Curbs on liberties opposed by Portland City Council, labor

The fight against terrorism must not be waged at the expense of essential rights and liberties.

So said Portland City Council in a unanimous resolution Oct. 29, passed with the support of the Northwest Oregon Labor Council and the Oregon AFL-CIO.

The resolution is aimed at the USA PATRIOT Act, passed by Congress shortly after the Sept. 11, 2001 terrorist attacks. The law authorizes indefinite detention of non-citizens without charge, indefinite incarceration of citizens designated as “enemy combatants” without the right to an attorney, and so-called “sneak and peek” searches — police searches and seizures without notifying subjects that their property has been searched. It gives the government access to citizens’ medical, financial and educational records, even lists of what library books they checked out, without any judicial oversight.

Over 200 other communities have passed similar resolutions urging Congress to reform or repeal the act. At its September 2003 convention, the Oregon AFL-CIO also passed such a resolution, declaring that the “safety of Americans can be secured without sacrificing our constitutional and human rights.”

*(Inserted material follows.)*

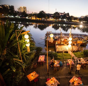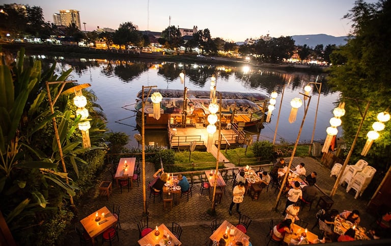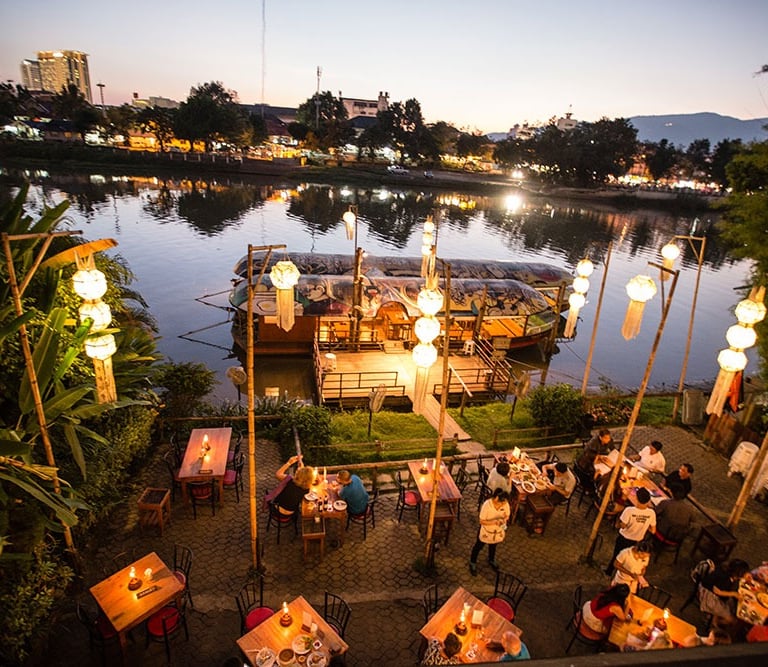 The Experience: Located right on the Ping River, this massive wooden structure serves food, but the real draw is the live bands. They play a mix of classic Western rock (think Eagles and Beatles) and Thai hits. It is loud, lively, and always packed.

At the City Council hearing on the resolution, Oregon AFL-CIO Research Director Lynn-Marie Crider testified on behalf of the state federation and the Northwest Oregon Labor Council, which also approved the resolution.

“Over the last two years, union members and their leaders have become increasingly concerned as laws protecting individual rights of citizens and residents of this country are infringed in the name of public safety and the war on terrorism,” Crider told commissioners.

“We believe that conscientious, skilled law enforcement officers can and will deal with the threat of terrorism without engaging in activities that threaten individual freedom and penalize political groups and trade unions and their members.”

Portland City Commissioner Eric Sten told listeners the USA PATRIOT Act is “spitting in the face of all that we stand for.”

“I believe much of this agenda was shaped before Sept. 11,” Sten said. “It came much too fast and too hard to have been developed after the attacks.”

The 342-page USA PATRIOT Act was introduced six weeks after the Sept. 11 attack, passed by the House the same day without debate or amendment, passed the Senate the following day 98 to 1, and was signed the day after that by President George Bush.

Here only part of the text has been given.